> [PROBLEM]: A faithful transcript of all the lines below, with no pictures, is the goal here.

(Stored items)
::::::

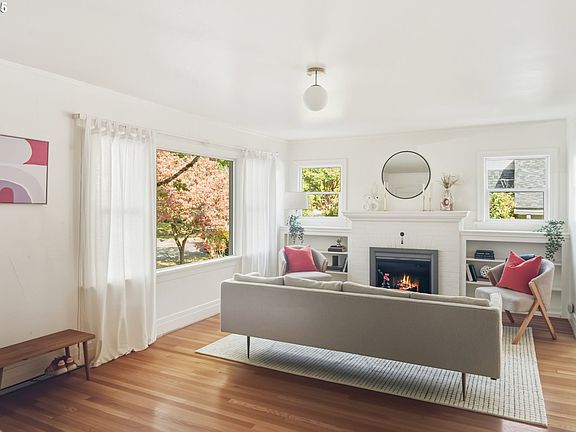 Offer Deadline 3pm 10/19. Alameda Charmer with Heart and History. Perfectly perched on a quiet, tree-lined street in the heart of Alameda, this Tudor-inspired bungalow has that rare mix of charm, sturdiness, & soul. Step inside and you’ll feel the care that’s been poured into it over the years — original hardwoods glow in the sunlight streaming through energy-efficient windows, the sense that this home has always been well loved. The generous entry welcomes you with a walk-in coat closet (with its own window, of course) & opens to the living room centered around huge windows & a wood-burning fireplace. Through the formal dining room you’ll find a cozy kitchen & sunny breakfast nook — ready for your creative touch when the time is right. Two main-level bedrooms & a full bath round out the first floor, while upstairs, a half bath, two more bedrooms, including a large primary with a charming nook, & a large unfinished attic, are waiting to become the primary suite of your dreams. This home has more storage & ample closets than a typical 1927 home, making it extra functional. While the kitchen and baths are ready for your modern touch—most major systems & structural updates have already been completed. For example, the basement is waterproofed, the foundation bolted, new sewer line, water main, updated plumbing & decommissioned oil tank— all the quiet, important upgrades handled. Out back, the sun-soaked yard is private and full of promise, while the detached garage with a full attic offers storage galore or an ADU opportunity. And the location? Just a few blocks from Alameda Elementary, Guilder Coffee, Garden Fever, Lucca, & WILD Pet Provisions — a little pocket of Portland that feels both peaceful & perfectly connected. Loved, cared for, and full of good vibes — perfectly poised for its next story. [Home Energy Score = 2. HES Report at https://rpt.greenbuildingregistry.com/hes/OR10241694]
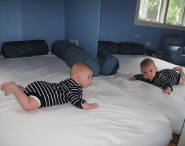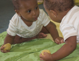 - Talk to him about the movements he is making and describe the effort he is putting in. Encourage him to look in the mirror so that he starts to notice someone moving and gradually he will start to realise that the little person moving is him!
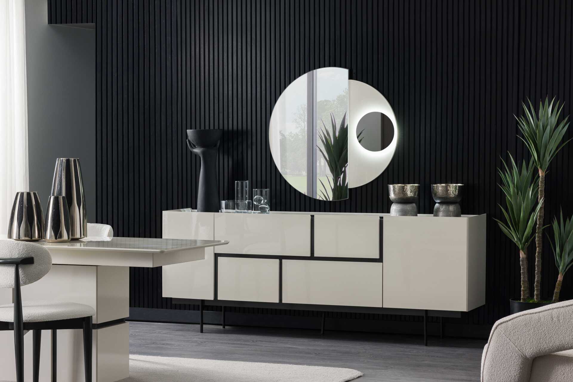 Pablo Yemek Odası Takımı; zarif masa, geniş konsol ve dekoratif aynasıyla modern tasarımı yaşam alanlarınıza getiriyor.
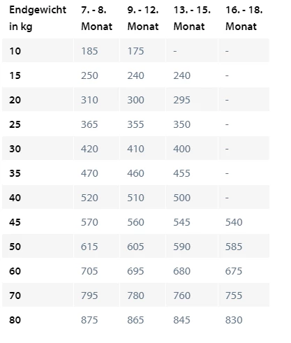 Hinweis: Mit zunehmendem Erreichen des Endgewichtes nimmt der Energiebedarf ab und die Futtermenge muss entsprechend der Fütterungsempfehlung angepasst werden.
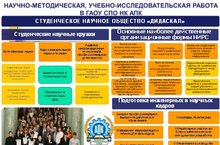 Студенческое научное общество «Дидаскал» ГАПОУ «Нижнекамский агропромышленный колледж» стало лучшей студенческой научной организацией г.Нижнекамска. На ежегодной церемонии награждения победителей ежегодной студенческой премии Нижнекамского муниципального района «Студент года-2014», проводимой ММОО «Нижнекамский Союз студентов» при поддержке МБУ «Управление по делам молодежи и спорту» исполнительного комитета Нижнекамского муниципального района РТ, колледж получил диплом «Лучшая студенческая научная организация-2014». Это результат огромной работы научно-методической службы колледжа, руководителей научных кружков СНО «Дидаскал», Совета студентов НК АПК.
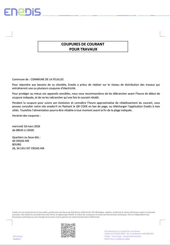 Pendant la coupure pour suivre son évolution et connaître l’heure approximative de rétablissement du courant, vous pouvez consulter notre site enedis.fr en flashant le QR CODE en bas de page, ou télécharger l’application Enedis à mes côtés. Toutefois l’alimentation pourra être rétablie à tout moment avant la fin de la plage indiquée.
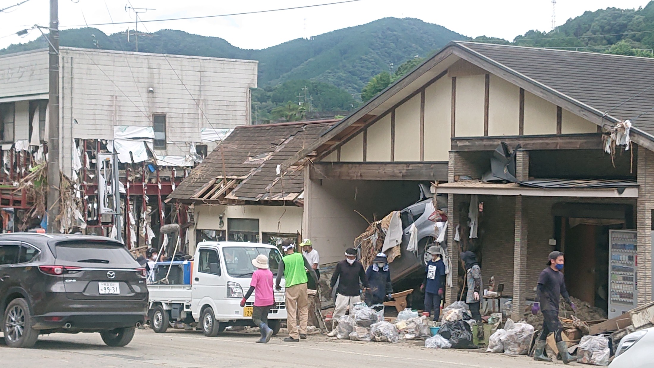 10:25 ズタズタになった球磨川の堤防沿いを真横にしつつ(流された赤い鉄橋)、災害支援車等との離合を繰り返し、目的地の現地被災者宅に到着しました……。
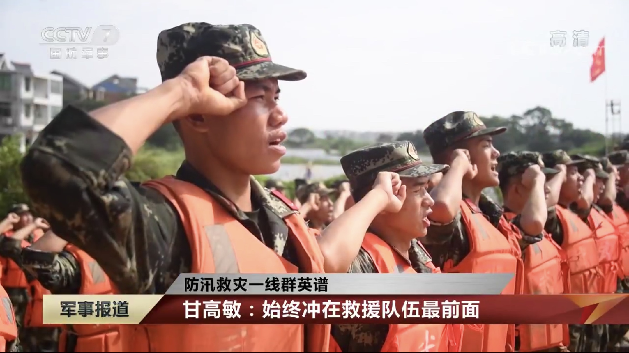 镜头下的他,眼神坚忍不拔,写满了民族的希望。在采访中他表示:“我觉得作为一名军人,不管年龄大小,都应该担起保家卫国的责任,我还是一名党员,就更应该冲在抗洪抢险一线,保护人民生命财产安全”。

::::::

> [RESPONSE TO THIS TASK]:
 Offer Deadline 3pm 10/19. Alameda Charmer with Heart and History. Perfectly perched on a quiet, tree-lined street in the heart of Alameda, this Tudor-inspired bungalow has that rare mix of charm, sturdiness, & soul. Step inside and you’ll feel the care that’s been poured into it over the years — original hardwoods glow in the sunlight streaming through energy-efficient windows, the sense that this home has always been well loved. The generous entry welcomes you with a walk-in coat closet (with its own window, of course) & opens to the living room centered around huge windows & a wood-burning fireplace. Through the formal dining room you’ll find a cozy kitchen & sunny breakfast nook — ready for your creative touch when the time is right. Two main-level bedrooms & a full bath round out the first floor, while upstairs, a half bath, two more bedrooms, including a large primary with a charming nook, & a large unfinished attic, are waiting to become the primary suite of your dreams. This home has more storage & ample closets than a typical 1927 home, making it extra functional. While the kitchen and baths are ready for your modern touch—most major systems & structural updates have already been completed. For example, the basement is waterproofed, the foundation bolted, new sewer line, water main, updated plumbing & decommissioned oil tank— all the quiet, important upgrades handled. Out back, the sun-soaked yard is private and full of promise, while the detached garage with a full attic offers storage galore or an ADU opportunity. And the location? Just a few blocks from Alameda Elementary, Guilder Coffee, Garden Fever, Lucca, & WILD Pet Provisions — a little pocket of Portland that feels both peaceful & perfectly connected. Loved, cared for, and full of good vibes — perfectly poised for its next story. [Home Energy Score = 2. HES Report at https://rpt.greenbuildingregistry.com/hes/OR10241694]
 - Talk to him about the movements he is making and describe the effort he is putting in. Encourage him to look in the mirror so that he starts to notice someone moving and gradually he will start to realise that the little person moving is him!
 Pablo Yemek Odası Takımı; zarif masa, geniş konsol ve dekoratif aynasıyla modern tasarımı yaşam alanlarınıza getiriyor.
 Hinweis: Mit zunehmendem Erreichen des Endgewichtes nimmt der Energiebedarf ab und die Futtermenge muss entsprechend der Fütterungsempfehlung angepasst werden.
 Студенческое научное общество «Дидаскал» ГАПОУ «Нижнекамский агропромышленный колледж» стало лучшей студенческой научной организацией г.Нижнекамска. На ежегодной церемонии награждения победителей ежегодной студенческой премии Нижнекамского муниципального района «Студент года-2014», проводимой ММОО «Нижнекамский Союз студентов» при поддержке МБУ «Управление по делам молодежи и спорту» исполнительного комитета Нижнекамского муниципального района РТ, колледж получил диплом «Лучшая студенческая научная организация-2014». Это результат огромной работы научно-методической службы колледжа, руководителей научных кружков СНО «Дидаскал», Совета студентов НК АПК.
 Pendant la coupure pour suivre son évolution et connaître l’heure approximative de rétablissement du courant, vous pouvez consulter notre site enedis.fr en flashant le QR CODE en bas de page, ou télécharger l’application Enedis à mes côtés. Toutefois l’alimentation pourra être rétablie à tout moment avant la fin de la plage indiquée.
 10:25 ズタズタになった球磨川の堤防沿いを真横にしつつ(流された赤い鉄橋)、災害支援車等との離合を繰り返し、目的地の現地被災者宅に到着しました……。
 镜头下的他,眼神坚忍不拔,写满了民族的希望。在采访中他表示:“我觉得作为一名军人,不管年龄大小,都应该担起保家卫国的责任,我还是一名党员,就更应该冲在抗洪抢险一线,保护人民生命财产安全”。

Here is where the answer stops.